Age 32, slipping from the team, Liverpool came. “I would have liked to go,” Figo admits. “We talked a lot. One week they say, ‘No, wait, we can’t do it just now’ and then they sign a player. Then, ‘Wait a few more days, we need to sort this first’ and they sign another. I think: ‘Bloody hell, are you messing with me, or what?’ Inter appear, I go to Milan, meet [the club president Massimo] Moratti and take the decision. I loved Inter, it was exactly what I needed.”

Barcelona fans threw a pig’s head on the pitch when Luis Figo returned with Real Madrid. Photograph: AS

Four consecutive titles later, time was up. Why did coaching not call? Because of those egos? Figo cracks up. “Yes. because I know players too well! I would like to try it, you know. I don’t know if I would have the ability. My challenge would be putting my footballing ideas into practice, communicating, reaching people. I don’t have the badge. The course is like studying medicine: six years. Come on, madness.

“And I’ve always been drawn more to the executive side, fascinated by producing, being an entrepreneur. I don’t sit still. I like people with playing experience being in the game – but only if they have the ability. I’m totally against ‘names’.”

Which helps explain Figo running for Fifa president in 2015. “It’s a long story,” he grins. “Uefa proposed becoming a candidate. I could see [Fifa] was full of corruption, a mafia. In the European confederation, we felt we needed to move, even if there wasn’t really a chance – to at least make a stand, take a position.

“They threw me into the fire a bit because there were already two candidates. One from the Uefa executive committee, [Michael] van Praag. The other was Prince Ali [bin Hussein], who was the first to stand and had [the Uefa president Michel] Platini’s support. Uefa suggested a third: me. ‘OK.’ I was like their excuse not to choose between them, although their hands were tied. I built my candidacy, saw how things work, learned what it’s like inside – you could do a documentary – and a week before the elections they call from Zurich, inviting me to a meeting to see which candidate would continue [with Uefa backing].

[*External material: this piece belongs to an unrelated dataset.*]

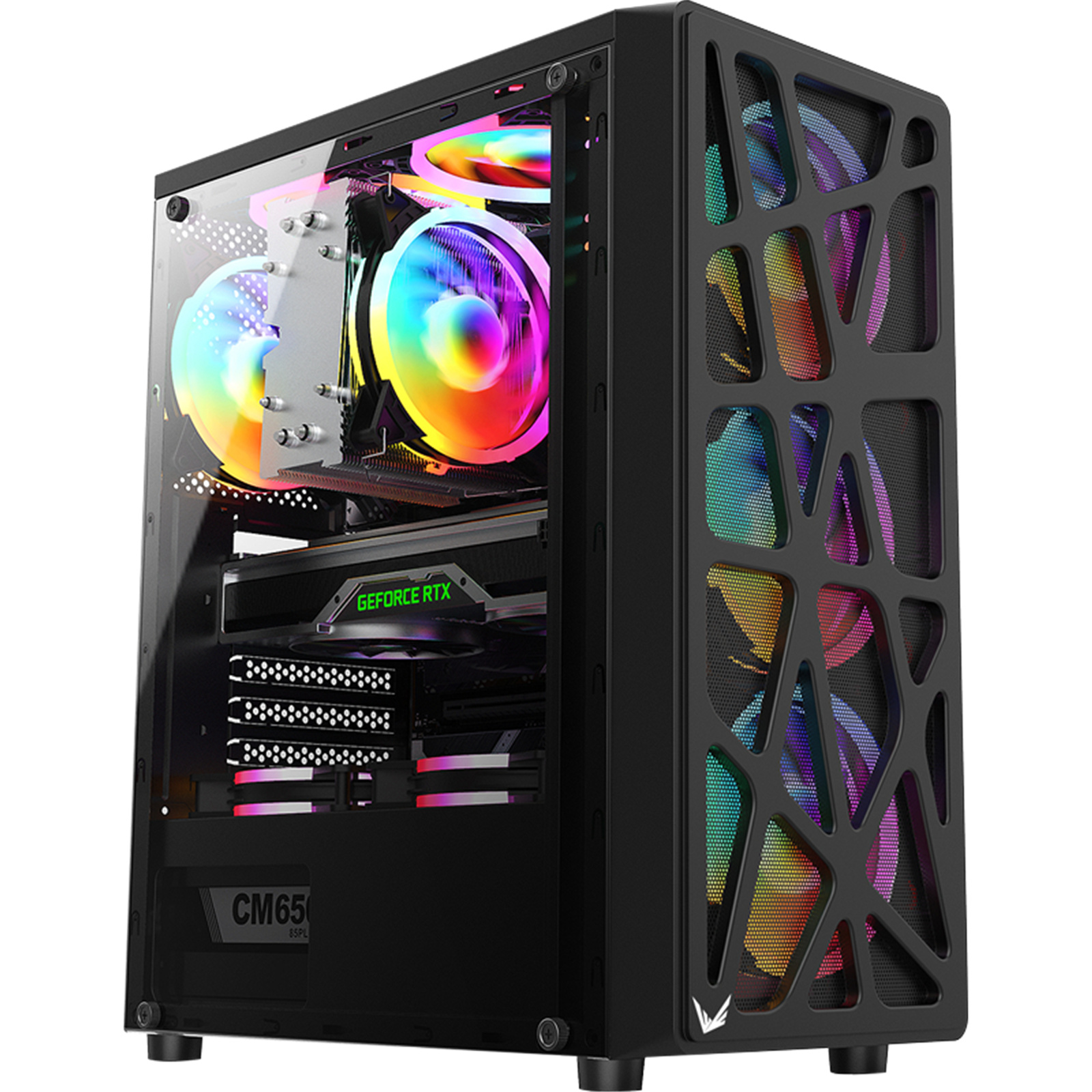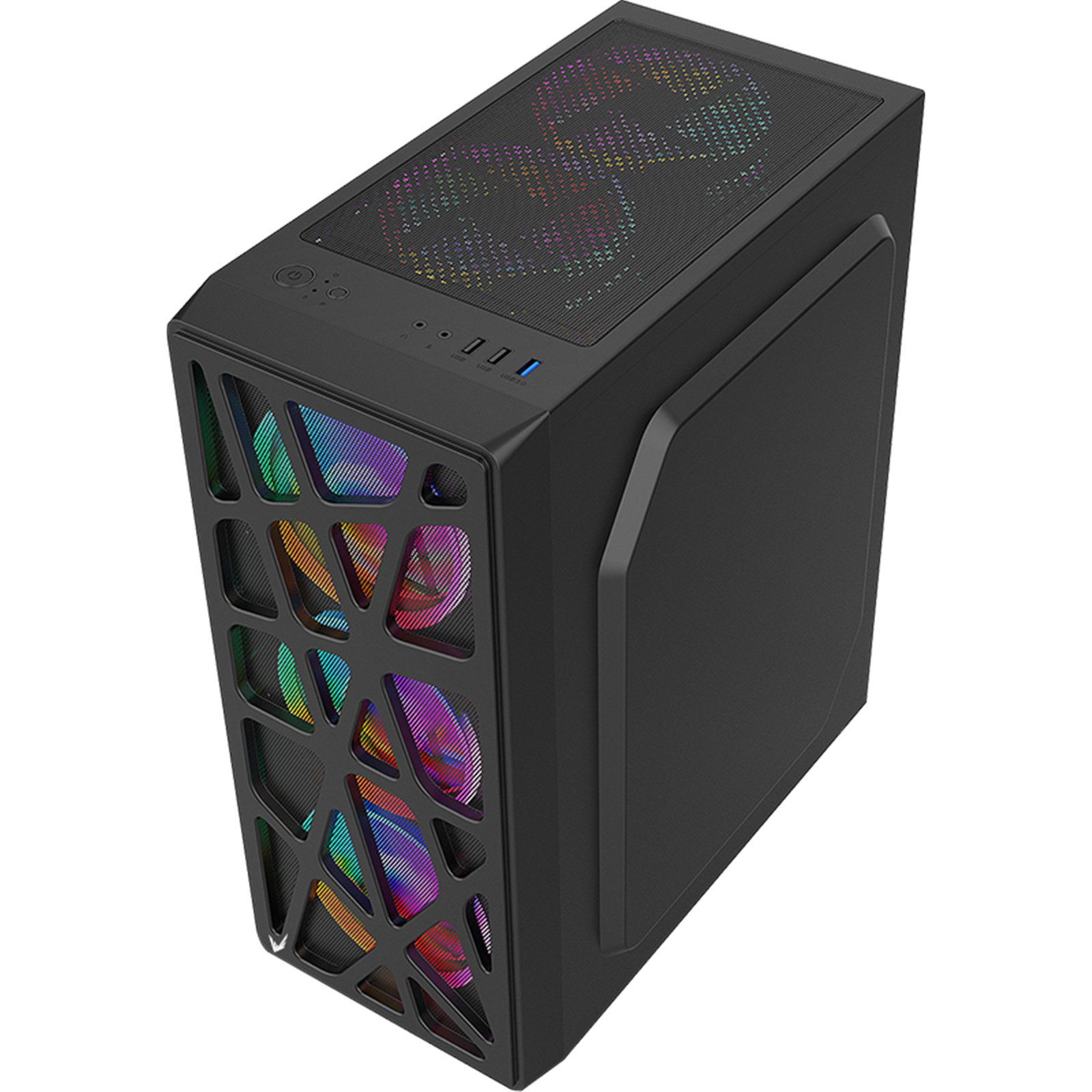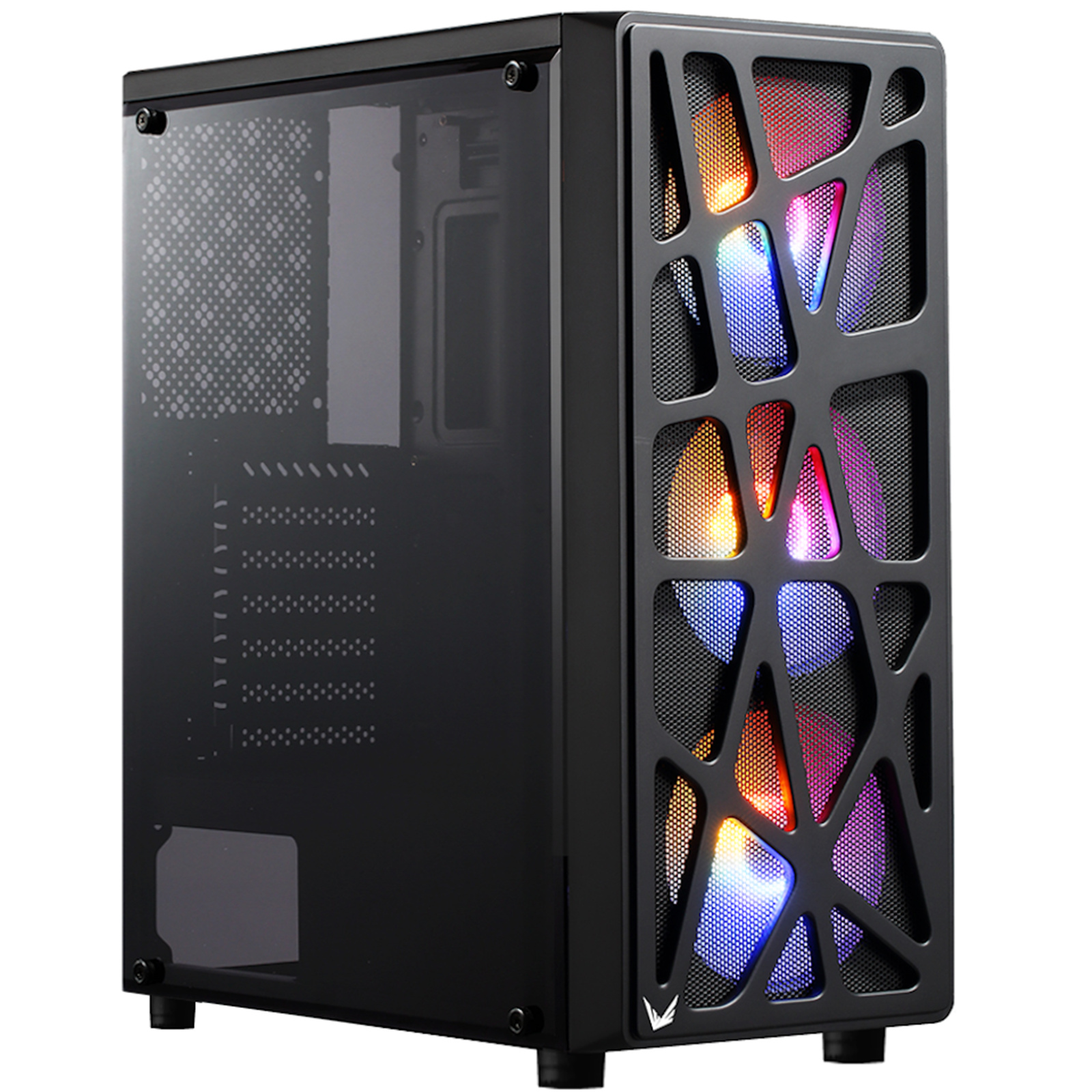 With a mesh front panel design, this entry-level or mid-level mid tower gaming case offers excellent airflow and allows you to admire your front LED fans in action. The full acrylic side panel provides a clear view of your system's interior. Additionally, it supports liquid cooling in both the front and top sections of the case, ensuring optimal cooling efficiency.

“Everyone met. ‘Right, who thinks they should continue?’ And of course ‘me,’ ‘me’, ‘me’. We didn’t reach any agreement. After, my federation calls. They, and Uefa, want me to step aside. In theory, they were my backers.”

Figo scoffs. “I say: ‘I’m not going.’ I. Won’t. Step. Back. I don’t care if I have one, two, three, four, five, or zero votes. But without the support of those who had asked me to stand in the first place, I dropped out. And thank God – maybe it’s destiny – because the following week, the FBI raids the Fifa congress, puts I don’t know how many in jail, they cancel the elections. A scandal. And I think: ‘Pff, good job.’”

So now what? Could he have another go? “I want to keep working with Uefa but maybe more actively, with greater responsibility. If I have the right support, real support, and see I can help, do something worthwhile, I think I have the capacity to do good for football. If it’s interesting and I can be useful, I won’t say no. But I don’t know; I don’t make plans. I’ve never programmed my life. It’s destiny. Things happen, and then you decide.”

The Figo Affair: The Transfer that Changed Football is streaming on Netflix.